■ WHAT THE TASK ASKS
Restate word for word the lines below that run from the one holding "海能达XPT虚拟集群无线对讲系统运行示意图" through the one holding "1977 St. Andrews", inclusive. Pictures don't belong in the copy.

Records drawn from a dataset:
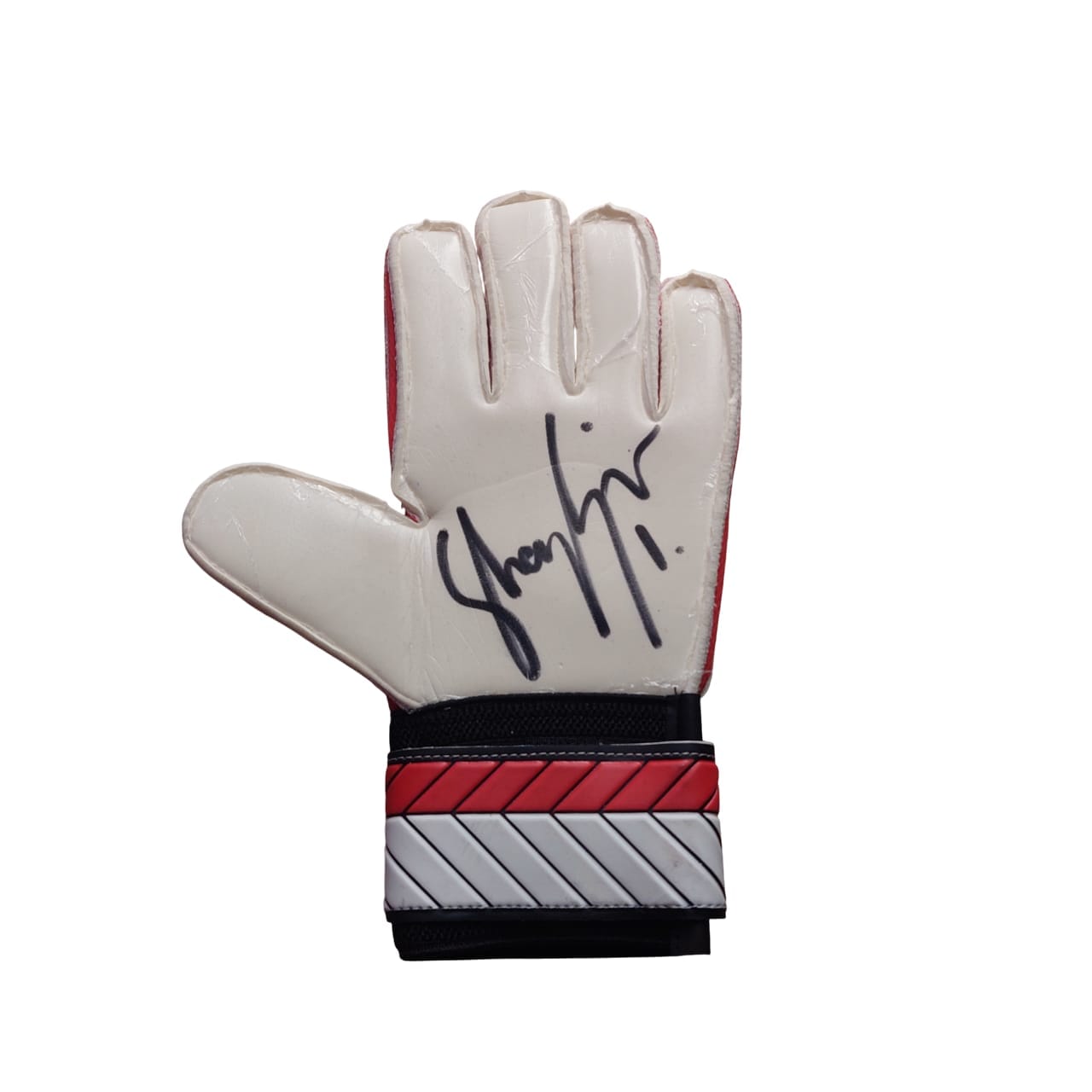 Introducing this signed goalkeeper glove an exceptional piece of memorabilia for any football enthusiast.
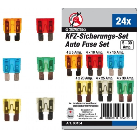 A készlet tartalma: - 4 biztosíték, 5 A (narancs) - 4 biztosíték, 10 A (piros) - 4 biztosíték, 15 A (kék) - 4 biztosíték, 20 A (sárga) - 4 biztosíték, 25 A (áttetsző) - 4 biztosíték, 30 A (zöld)
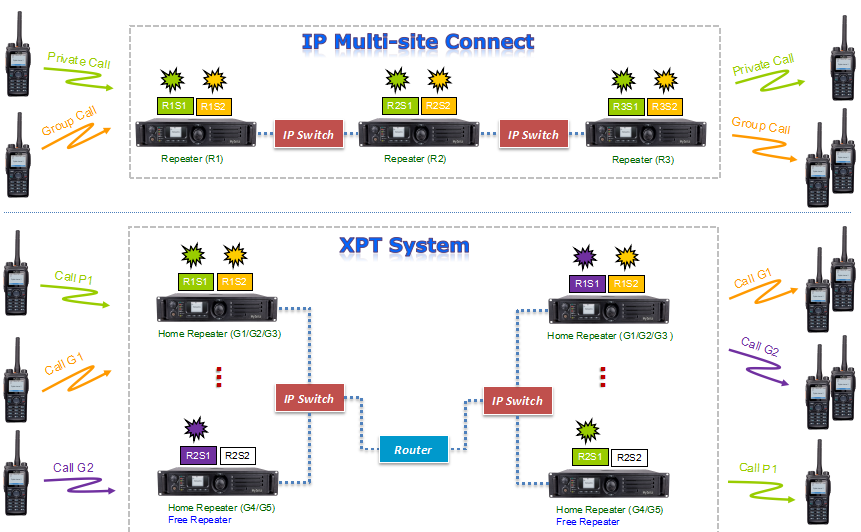 海能达XPT虚拟集群无线对讲系统运行示意图
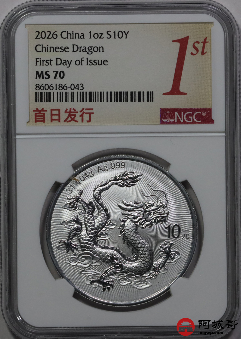 Lot:48 2026年中国龙银币 NGC MS70首日标
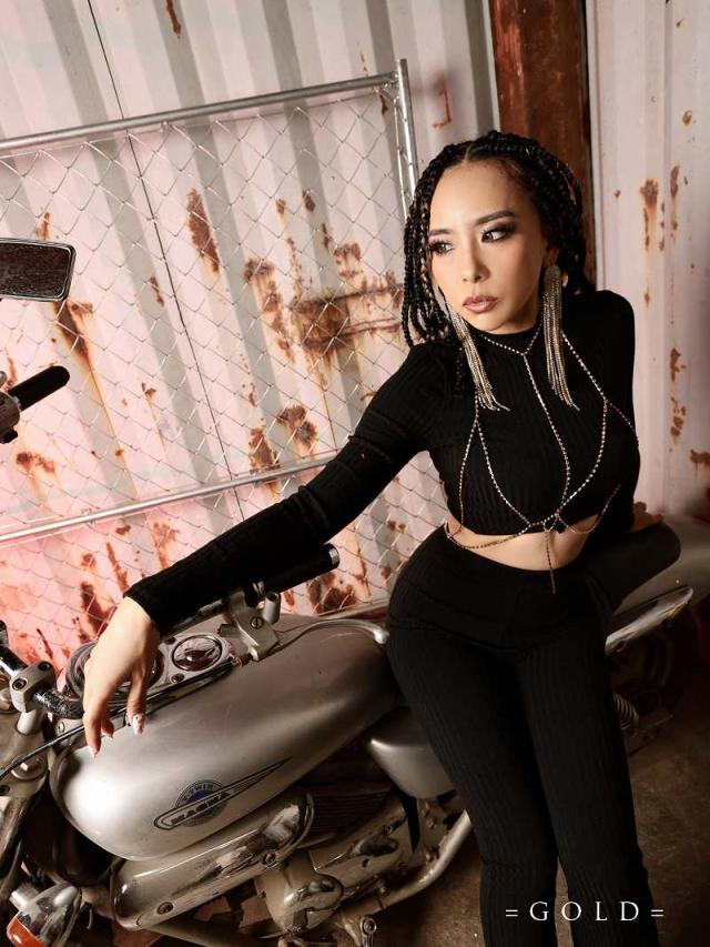 ☆キラキラと動くたびに揺れるボンテージライクなハーネスは目立ち度絶大!
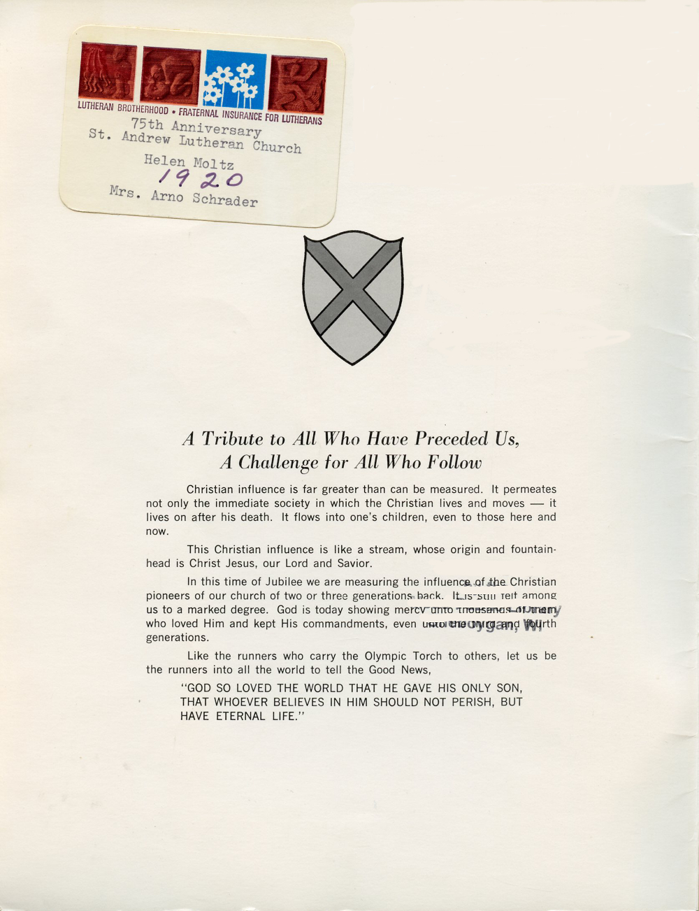 1977 St. Andrews Lutheran Church 75th Anniversary Yearbook Inside Front Cover.
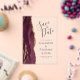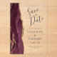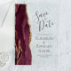 This elegant modern save the date card features a burgundy watercolor agate geode border trimmed with faux gold glitter. The customizable text is charcoal gray on a clear background.
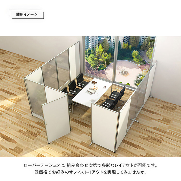 単体では自立はしませんので、吊元・受け側となるローパーティション、及びローパーテーション設置に必要な安定脚・各種オプションパーツをお買い求めください。
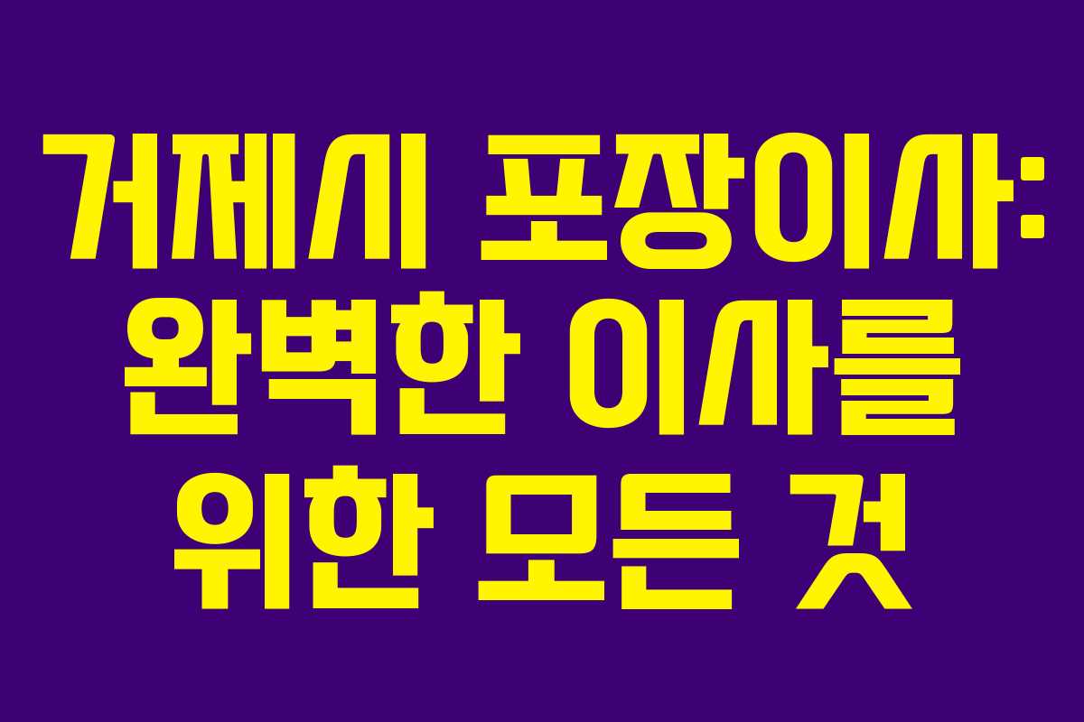 이사를 준비하면서 거제시의 포장이사 서비스를 통해 믿을 수 있는 업체를 선택하고, 안전하고 편안한 이사를 경험해 보세요. 지금 바로 무료 방문 견적을 신청하시면 최적의 이사 서비스를 받아보실 수 있습니다.
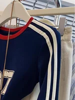 Featuring a classic American stripe pattern, this T-shirt adds a touch of preppy elegance to any outfit.
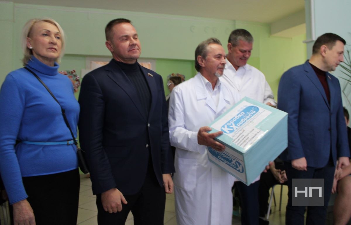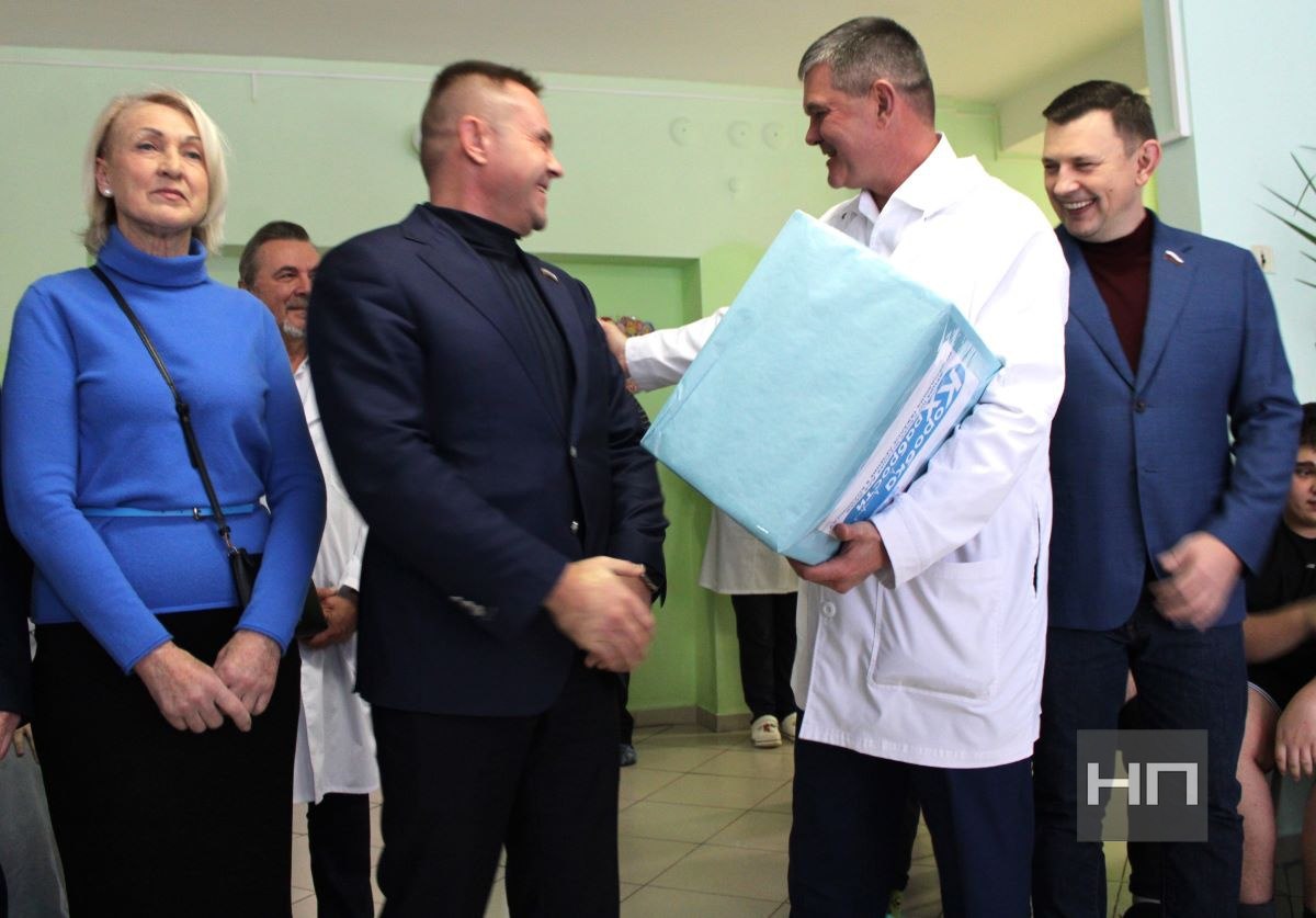 16 декабря в Детскую больницу Новомосковска приехали взрослые гости: заместитель председателя Тульской областной думы Александр Рем, глава муниципального образования Алексей Платонов, депутаты городского Собрания Надежда Андрианова и Виталий Лавров.

■ RESPONSE TO THE EXERCISE
 海能达XPT虚拟集群无线对讲系统运行示意图
 Lot:48 2026年中国龙银币 NGC MS70首日标
 ☆キラキラと動くたびに揺れるボンテージライクなハーネスは目立ち度絶大!
 1977 St. Andrews Lutheran Church 75th Anniversary Yearbook Inside Front Cover.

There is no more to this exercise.